Asked Friday whether the system was on or off capacity, Dr. Allard that they scale up and try to minimize the risk to patients by prioritizing the most vulnerable, including the elderly and people who are in the period when most become ill (after five days of symptoms).

Dr. Allard said there was a need for a public health campaign to warn Victorians about the dangers of coronavirus and when to seek help – as well as the successful thunderstorm asthma campaign.


She said the warning signs included extreme lethargy, struggling to cope with daily tasks, shortness of breath at minimal exertion, dehydration, inability to eat or drink, coughing up blood and confusion.
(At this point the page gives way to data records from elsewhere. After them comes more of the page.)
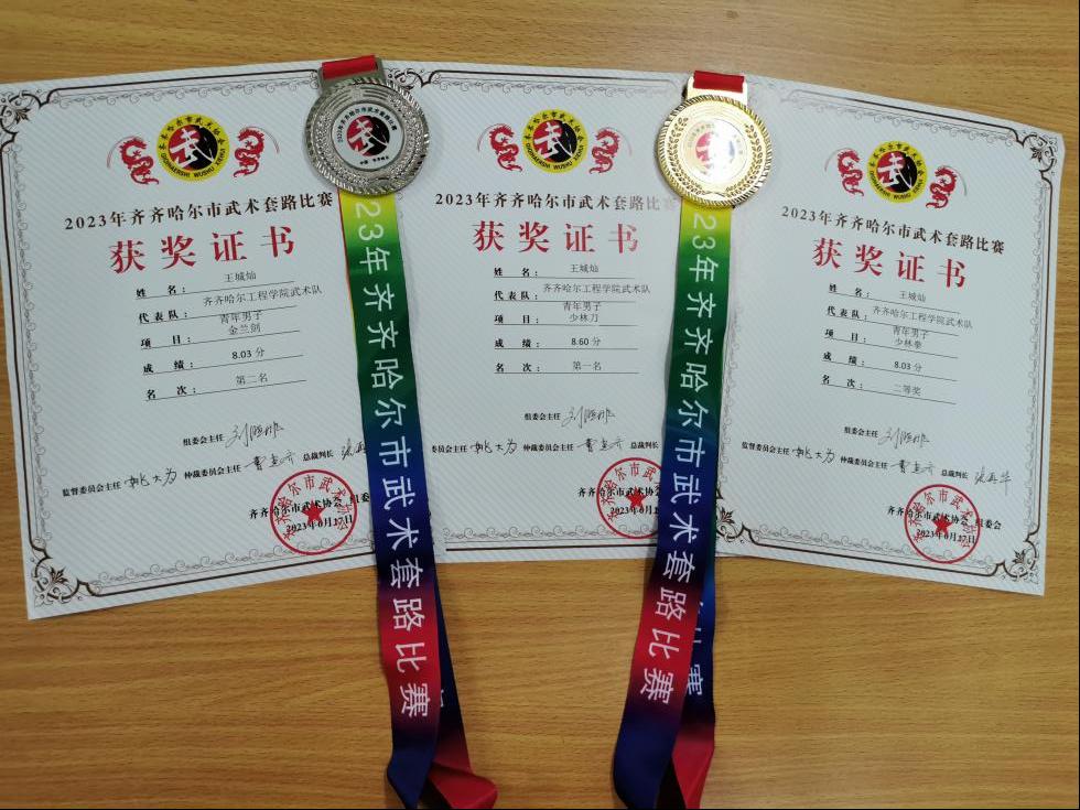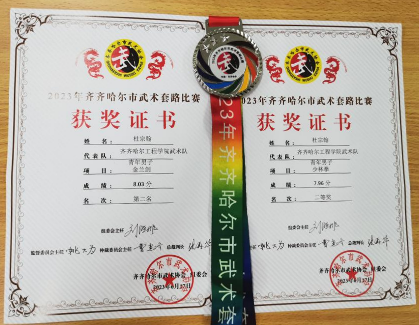 电科211班杜宗翰获青年男子组金兰剑银牌、少林拳二等奖。
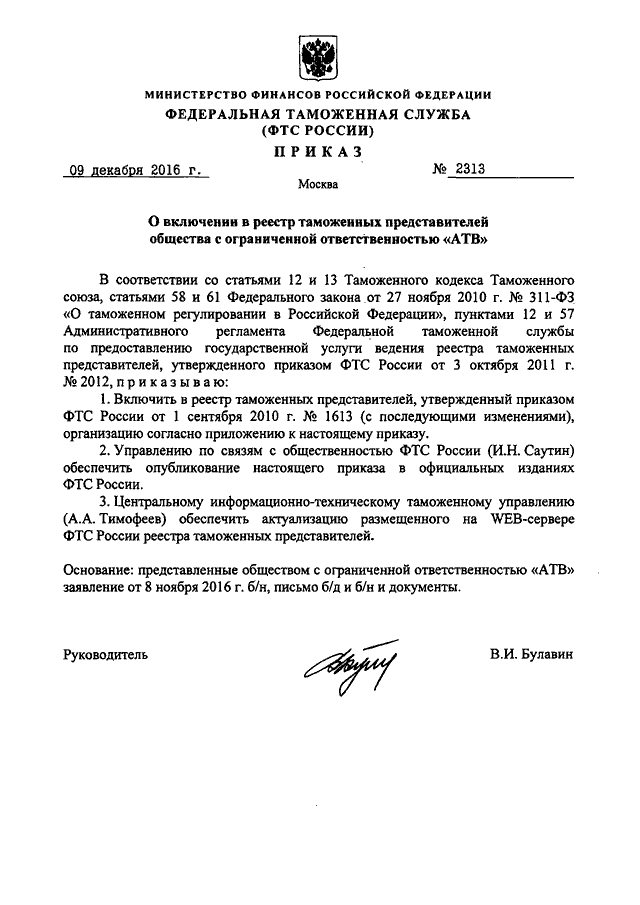 ПРИКАЗ ФТС РФ от 09.12.2016 N 2313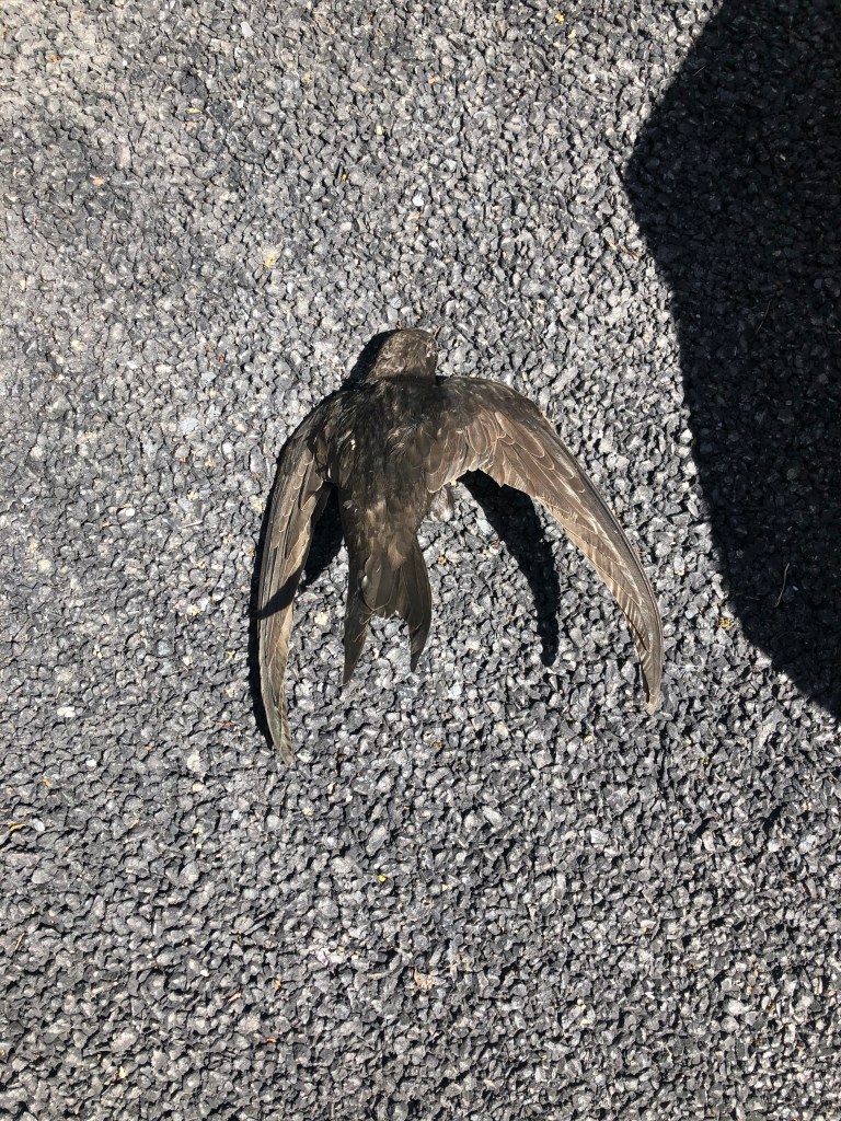 Very sad morning. At about 11am I found a dead swift on the drive. It didn’t appear to be superficially injured so I don’t think it was predated. I think it’s neck may have been broken. I watered plants where I found it late last night so it happened overnight. I wonder if it flew into a house wall. I have been carefully looking at the cameras all day and only this evening saw two swifts in both of the main nests. Not a comfortable day. I have not seen any sign of a swift in the new attic nest. Attached photo of dead swift, clips from both nests.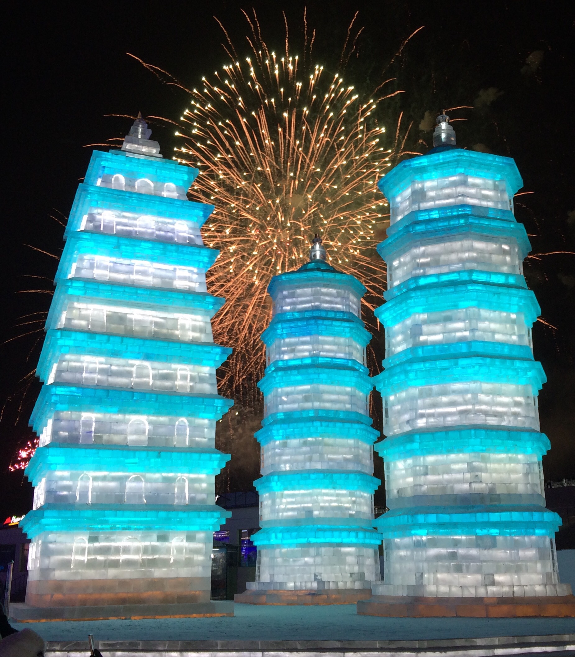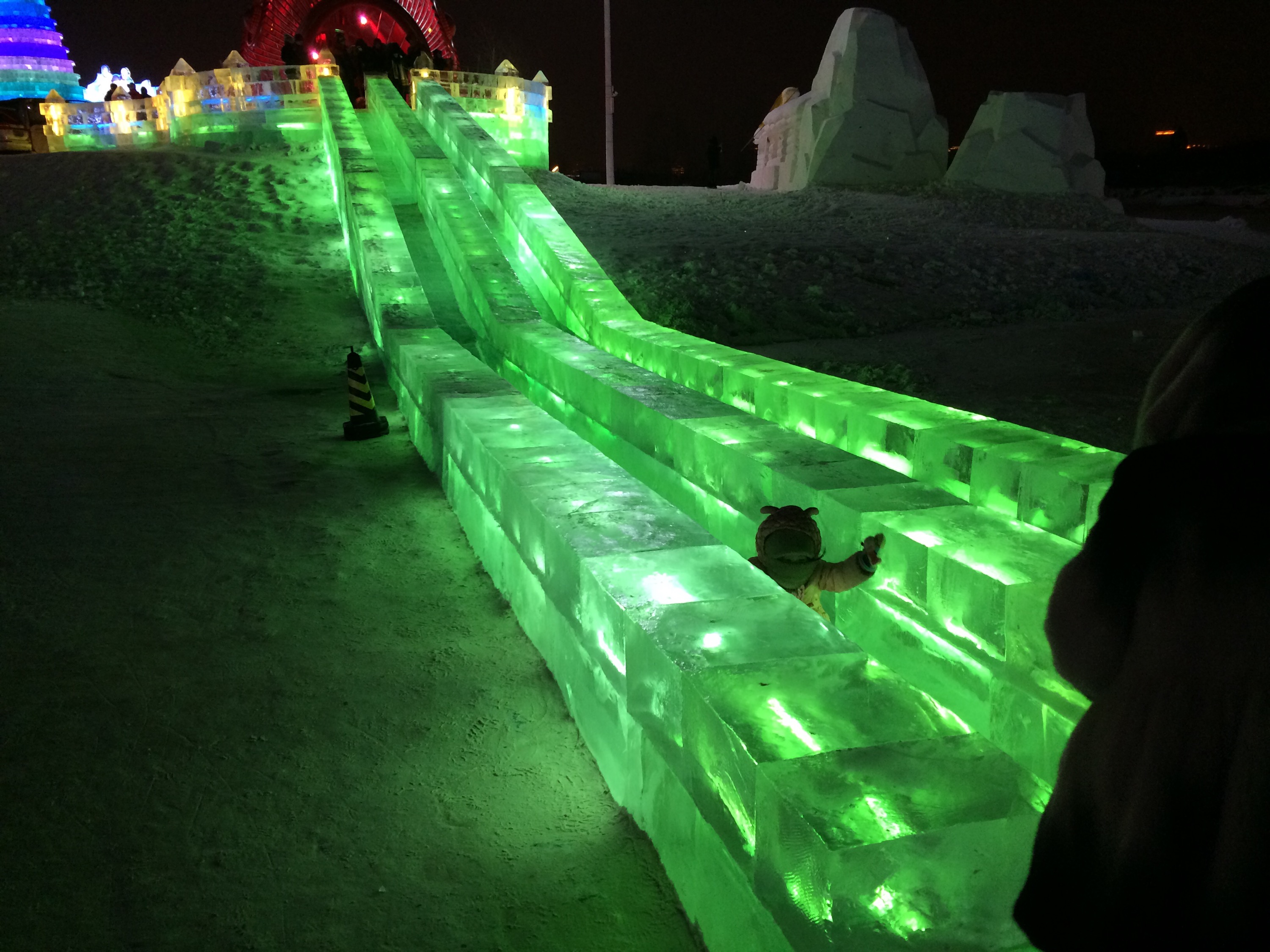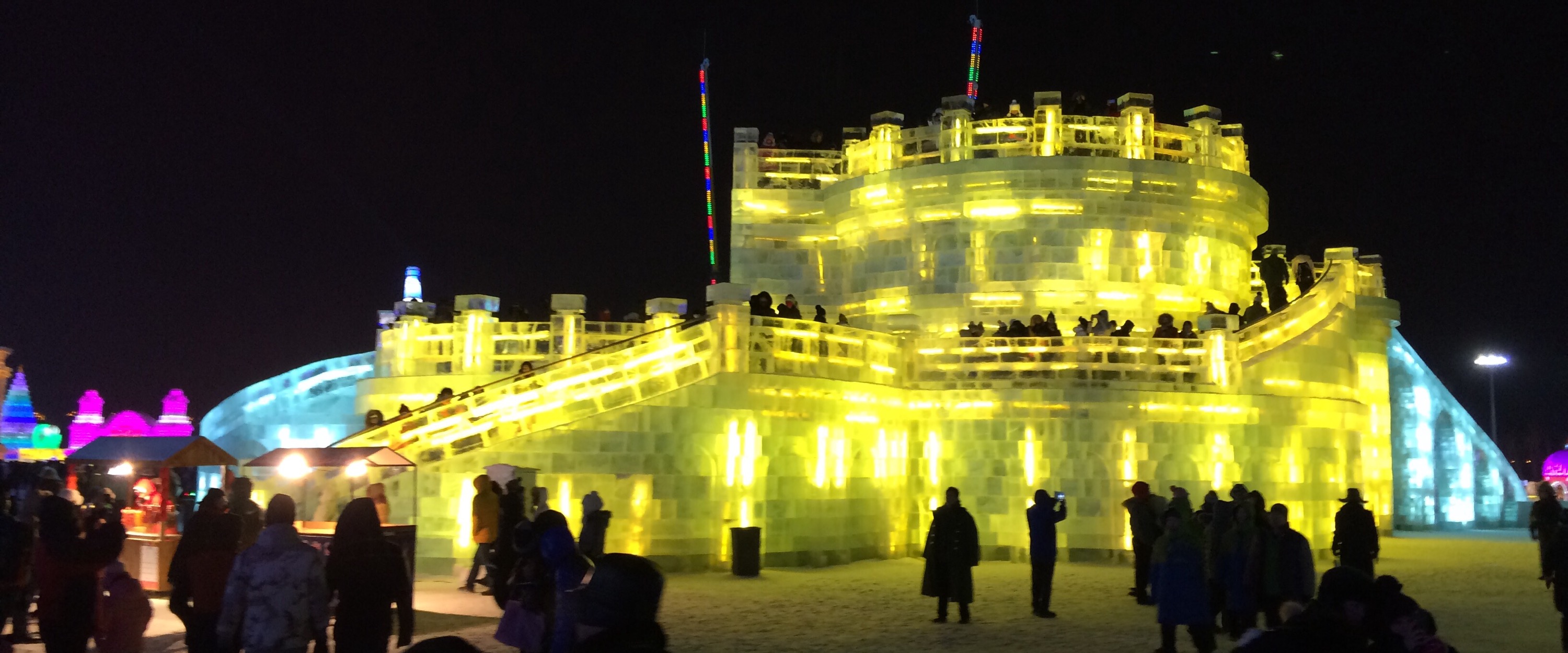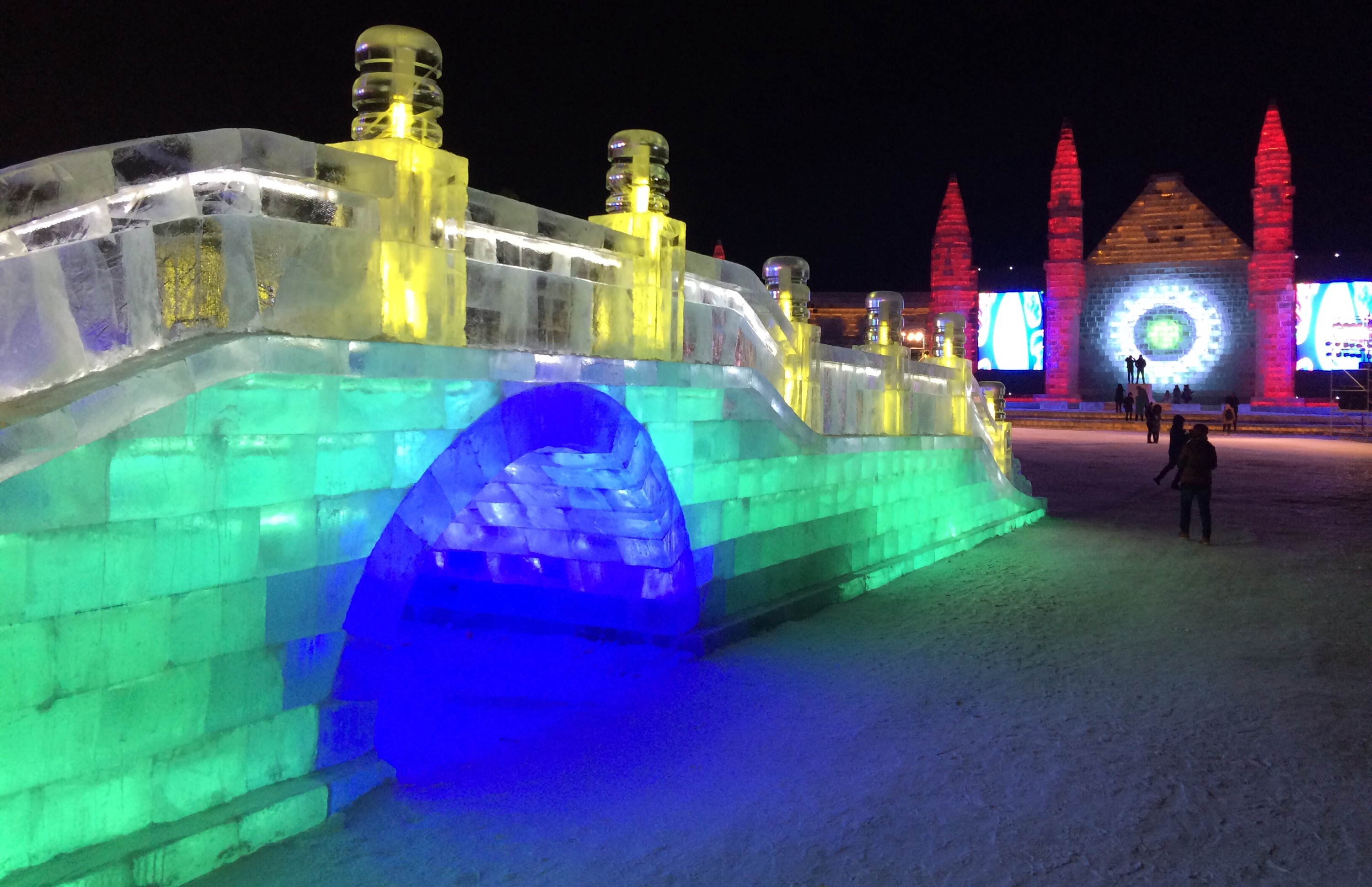 So, this is the deal.  Every year, they hue blocks of ice from the Songhua River, stack them into amazing structures, and light them up.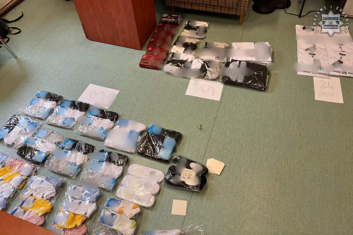 Bazując właśnie na takich ustaleniach, świętochłowiccy mundurowi wpadli na trop osoby, która za pośrednictwem portalu społecznościowego wprowadzała do obrotu towary, oznaczone podrobionymi znakami towarowymi. Pod ustalonym adresem zastali zdziwionego 75-letniego mężczyznę. W trakcie przeszukania mieszkania policjanci zabezpieczyli ponad 1700 sztuk odzieży, które były oznaczone zastrzeżonymi znakami światowych marek. Wartość rynkowa oryginałów została oszacowana na kwotę przekraczającą 200 tysięcy złotych. Starszy mężczyzna tłumaczył, że rzeczy te należą do jego 16-letniego wnuka, a on jedynie pozwolił mu magazynować te rzeczy. Widział, że wnuk je sprzedaje przez internet, jednakże nie miał pojęcia, że ubrania te są podrobione.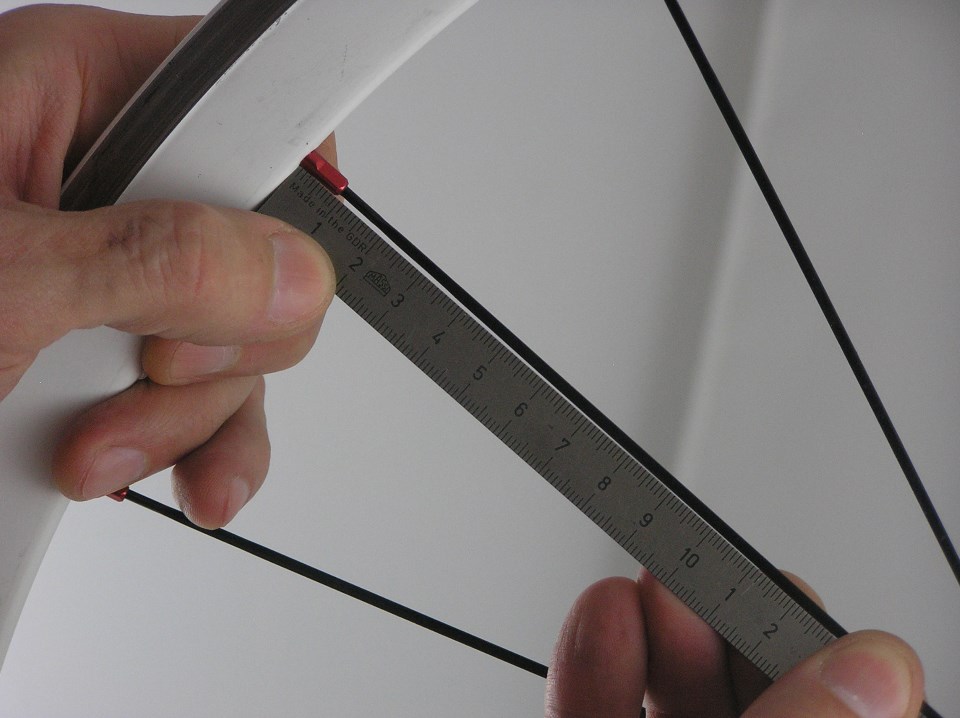Zuhause packt ihr am besten gleich mehrere Reservespeichen ein. Natürlich in den richtigen Längen. Mehrere Längen? Jawohl, denn oft sind die Speichen vorn und hinten, links und rechts verschieden lang. Die verbauten Längen können beim Fahrradhersteller oder beim Laufradbauer in Erfahrung gebracht werden. Ist beides nicht möglich, dann könnt Ihr die Länge einer eingebauten Speiche wie hier gezeigt ausreichend genau selbst messen.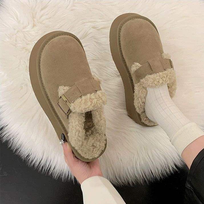 Tjock botten höjande en pedal väskhuvud Birkenstock lurviga halvtofflor dam höst och vinter ytterkläder sammet 2025 nya bomullstofflor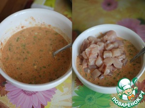 Все тщательно перемешать и в полученный маринад добавить кусочки филе. И еще раз все хорошо перемешать. Оставить мариноваться минут на 20-30.

“It’s all the red flags,” she said.

Dr. Ines Rio, chair of the North Western Melbourne Primary Health Network, said the home-based program “works really well, except that it is in capacity”.

She was also concerned about people without a regular doctor and their risk of falling through the cracks.

“We need a single 1800 number that can be used by GPs, paramedics and emergency departments to help and triage people,” she said.

In NSW, at least 29 people have died at home after being infected with coronavirus, more than half of which were not known to health authorities before an autopsy.

In September, a Melbourne man in his 20s died at his Craigieburn home after contracting the virus. An autopsy found that he was infected with coronavirus, but it is believed that the man had other serious health conditions.

Police outside a house on Henderson Street Northcote where a 49-year-old woman is believed to have died with Covid-19 in August.

Police outside a house on Henderson Street Northcote where a 49-year-old woman is believed to have died with Covid-19 in August. Credit:Nine

Another woman, who also lived in Melbourne’s northern suburbs, died at home on August 31 after contracting the virus. It is unclear whether her diagnosis was known before her death.

A spokesman for a Victorian health department said each person who tested positive for COVID-19 was invited to participate in the COVID Positive Pathways program.

“All staff committed to helping people with COVID-19 provide care as part of the COVID Positive Pathways program — either as part of community-based health care, GPs, or in our health services,” she said.